# [ASSIGNED TASK]
With the pictures removed, retype the lines from the one holding "Het perceel waarop" through the end of the records, exactly as written.

# [MATERIAL FOR THIS EXERCISE]
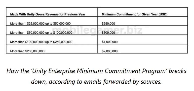 Unity, dont on avait pas trop entendu parlé dans les dernières semaines, augmente ses tarifs l’année prochaine. De 5% le 12 Janvier, avec un engagement minimum de 250.000 à 2 millions de dollars par an pour ses plus gros clients, en fonction des revenus de l’année précédente. Genre, ils vont pas rendre facile le fait de vouloir changer de moteur ou expériementer :
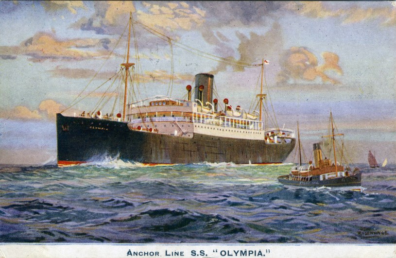 Bilden i sidhuvudet visar Anchor Line S.S. ”Olympia.”. Hämtad från Digitalt museum.
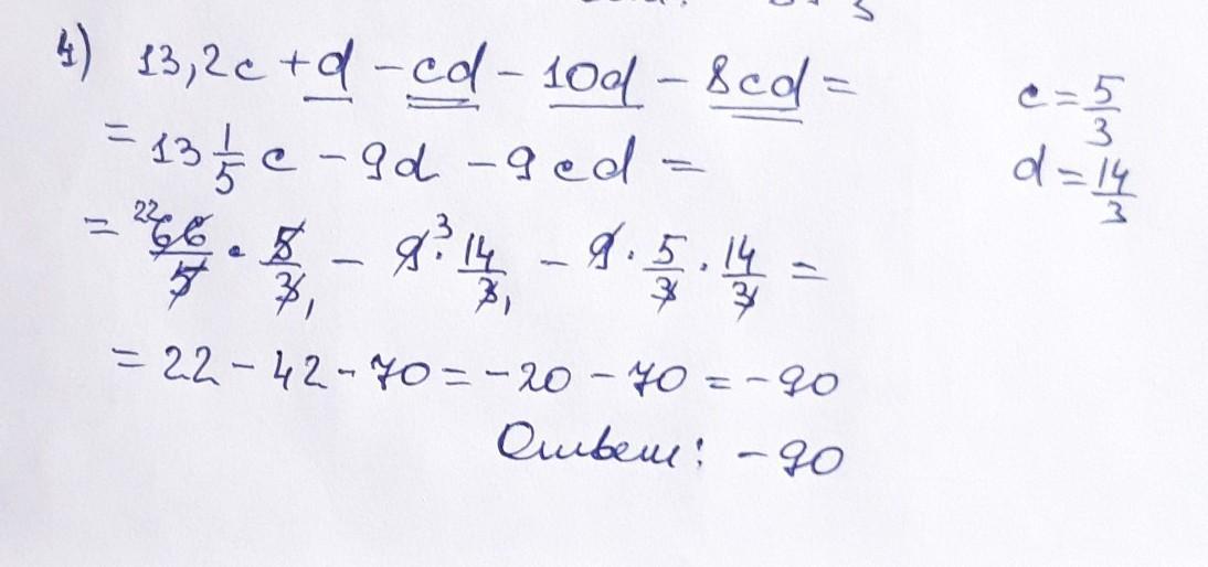 2) 53 - 5,8xy-y+ 4,8xy - 6у при х=4/13; y=13/7;
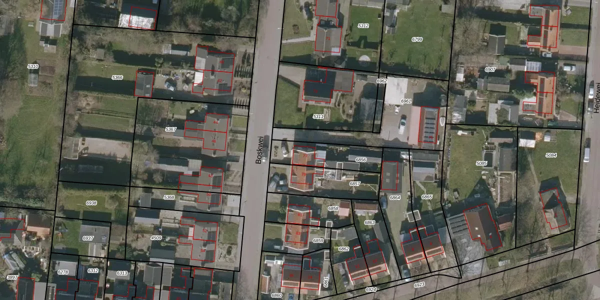 Het perceel waarop Boskwei 77 staat heeft een oppervlakte van 305 m². Dit is een groot perceel. De perceeloppervlakte wordt geregistreerd door het Kadaster. Gedetailleerde informatie over de maten van dit perceel kunt u vinden in het rapport Kadastrale kaart met maatvoering van Boskwei 77.
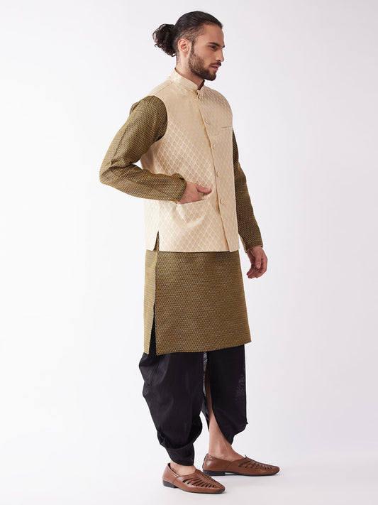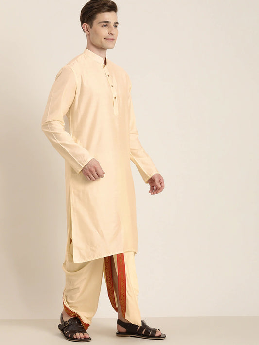 Men's Cream Viscose Straight Kurta Dhoti And Dupatta Set
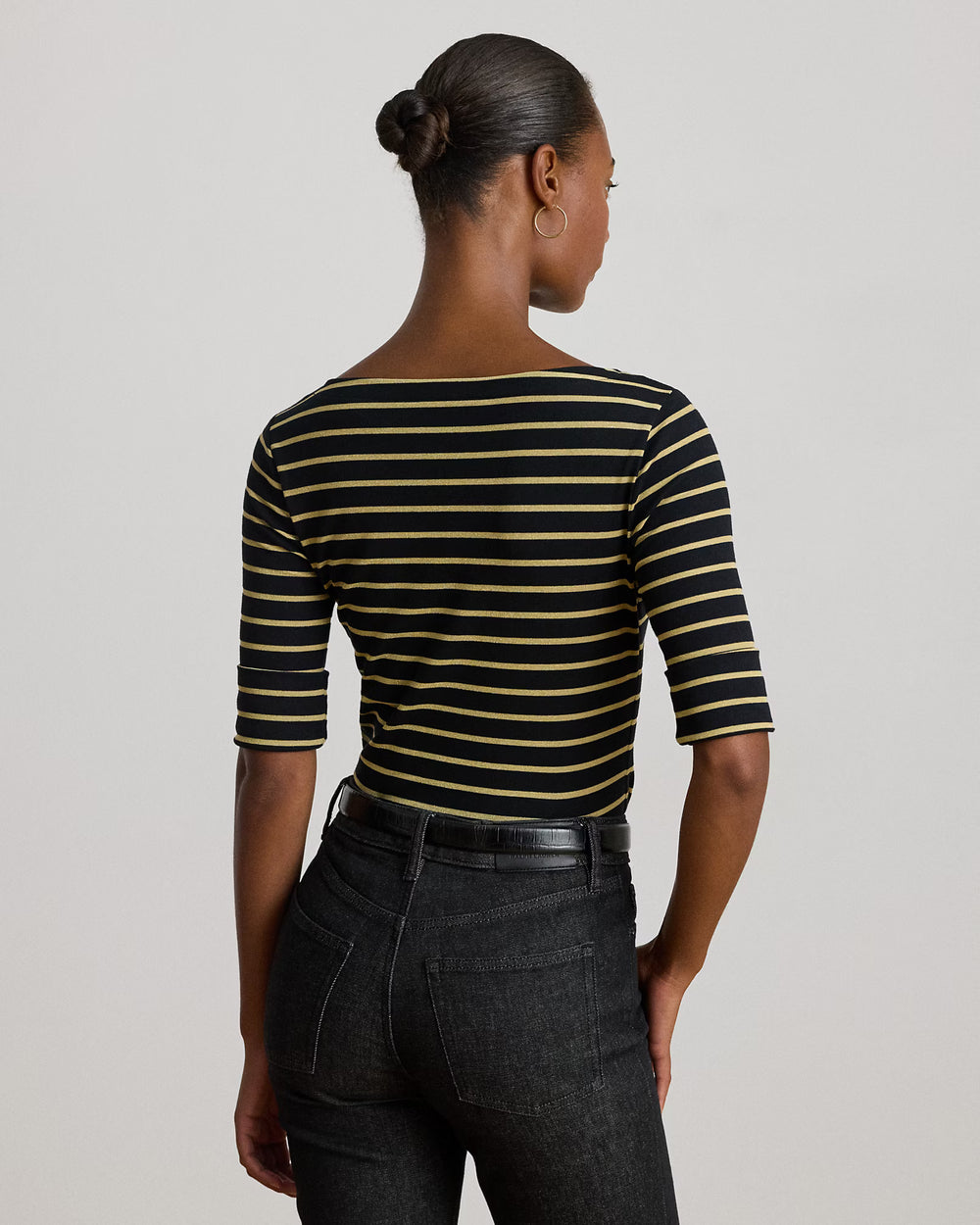 This stretch-cotton blend boatneck tee strikes a perfect balance between timeless style and modern appeal with its yarn-dyed metallic striped pattern.
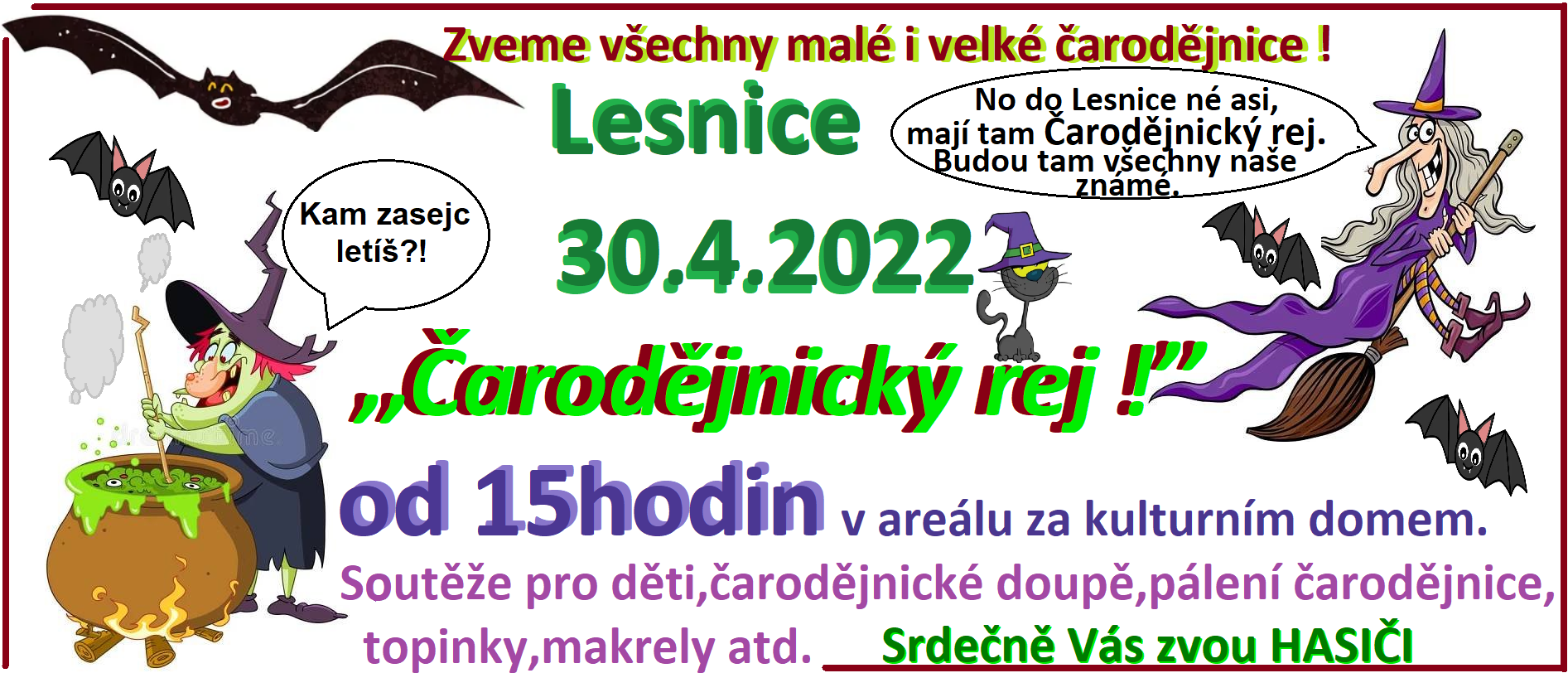 SDH Lesnice pořádá v sobotu 30. 4. 2022 od 15 hod. v areálu

# [SOLUTION BELOW]
 Het perceel waarop Boskwei 77 staat heeft een oppervlakte van 305 m². Dit is een groot perceel. De perceeloppervlakte wordt geregistreerd door het Kadaster. Gedetailleerde informatie over de maten van dit perceel kunt u vinden in het rapport Kadastrale kaart met maatvoering van Boskwei 77.
 Men's Cream Viscose Straight Kurta Dhoti And Dupatta Set
 This stretch-cotton blend boatneck tee strikes a perfect balance between timeless style and modern appeal with its yarn-dyed metallic striped pattern.
 SDH Lesnice pořádá v sobotu 30. 4. 2022 od 15 hod. v areálu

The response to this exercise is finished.